| Provided material |
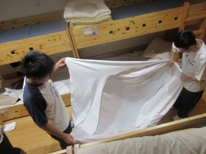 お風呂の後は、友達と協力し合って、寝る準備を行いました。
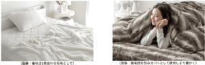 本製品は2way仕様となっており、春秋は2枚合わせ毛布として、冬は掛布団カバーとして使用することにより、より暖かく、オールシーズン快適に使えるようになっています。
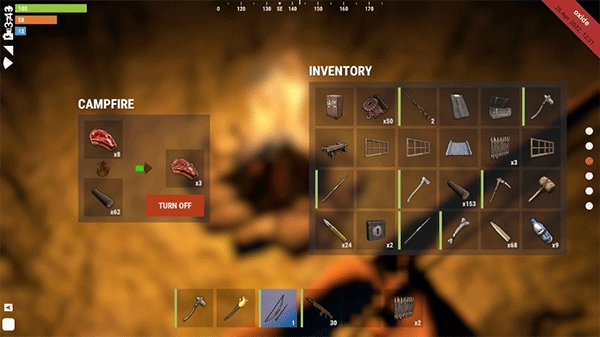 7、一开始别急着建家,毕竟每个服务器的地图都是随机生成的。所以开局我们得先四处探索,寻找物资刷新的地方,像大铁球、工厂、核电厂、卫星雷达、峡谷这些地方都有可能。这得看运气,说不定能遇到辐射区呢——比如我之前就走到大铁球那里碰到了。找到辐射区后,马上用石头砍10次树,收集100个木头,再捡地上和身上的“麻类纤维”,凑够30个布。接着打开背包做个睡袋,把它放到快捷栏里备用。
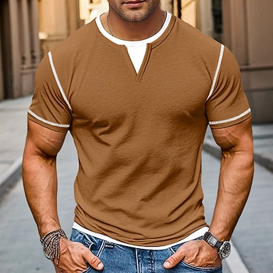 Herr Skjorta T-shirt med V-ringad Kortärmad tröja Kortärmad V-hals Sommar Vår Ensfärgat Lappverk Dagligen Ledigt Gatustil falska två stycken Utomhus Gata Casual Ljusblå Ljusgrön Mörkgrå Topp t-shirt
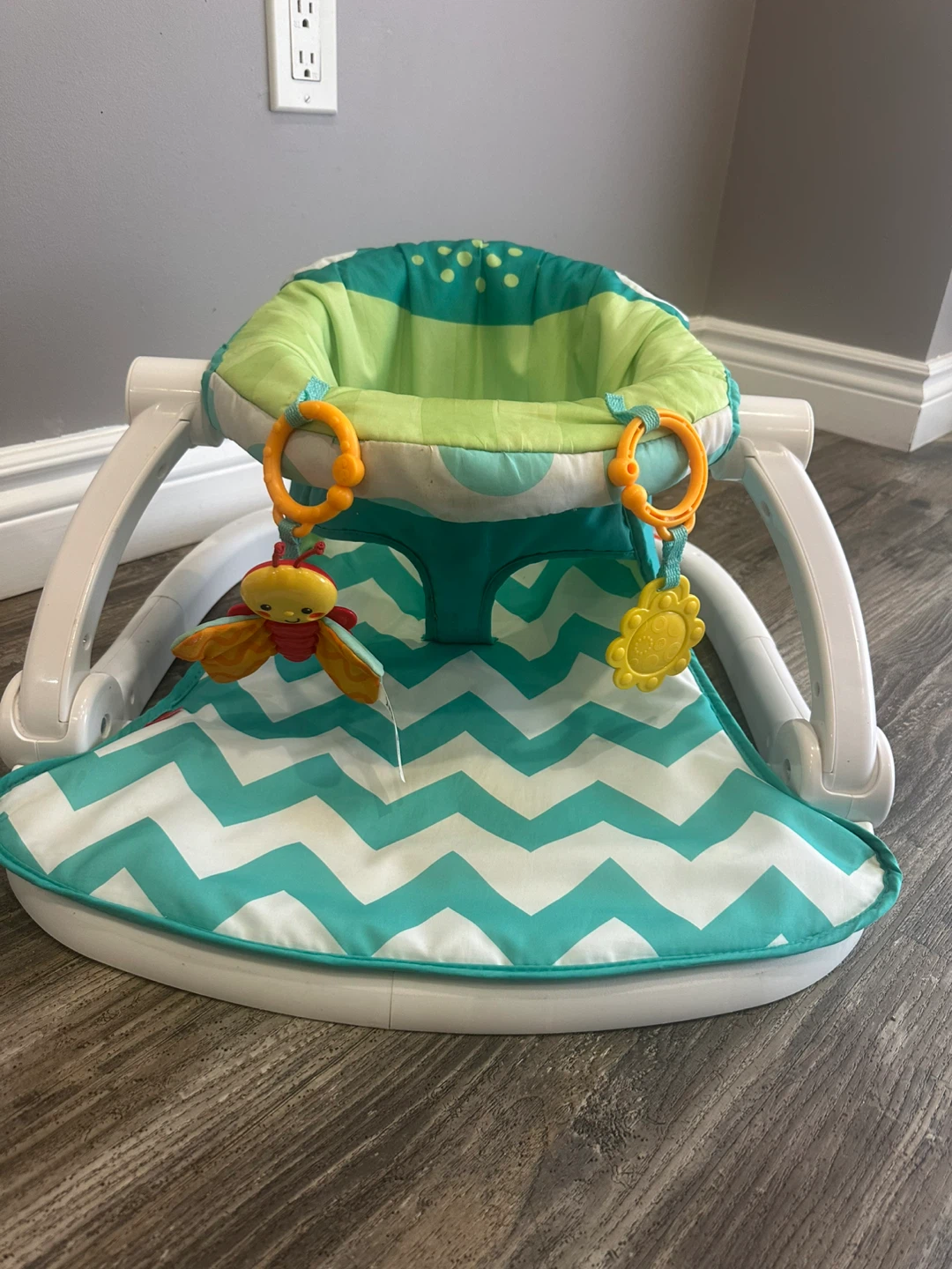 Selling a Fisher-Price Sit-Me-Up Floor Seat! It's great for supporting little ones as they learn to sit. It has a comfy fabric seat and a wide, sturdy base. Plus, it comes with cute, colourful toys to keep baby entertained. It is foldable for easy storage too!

| The task |
Every line of the data above should be repeated exactly. Omit the pictures.

| Task result |
 お風呂の後は、友達と協力し合って、寝る準備を行いました。
 本製品は2way仕様となっており、春秋は2枚合わせ毛布として、冬は掛布団カバーとして使用することにより、より暖かく、オールシーズン快適に使えるようになっています。
 7、一开始别急着建家,毕竟每个服务器的地图都是随机生成的。所以开局我们得先四处探索,寻找物资刷新的地方,像大铁球、工厂、核电厂、卫星雷达、峡谷这些地方都有可能。这得看运气,说不定能遇到辐射区呢——比如我之前就走到大铁球那里碰到了。找到辐射区后,马上用石头砍10次树,收集100个木头,再捡地上和身上的“麻类纤维”,凑够30个布。接着打开背包做个睡袋,把它放到快捷栏里备用。
 Herr Skjorta T-shirt med V-ringad Kortärmad tröja Kortärmad V-hals Sommar Vår Ensfärgat Lappverk Dagligen Ledigt Gatustil falska två stycken Utomhus Gata Casual Ljusblå Ljusgrön Mörkgrå Topp t-shirt
 Selling a Fisher-Price Sit-Me-Up Floor Seat! It's great for supporting little ones as they learn to sit. It has a comfy fabric seat and a wide, sturdy base. Plus, it comes with cute, colourful toys to keep baby entertained. It is foldable for easy storage too!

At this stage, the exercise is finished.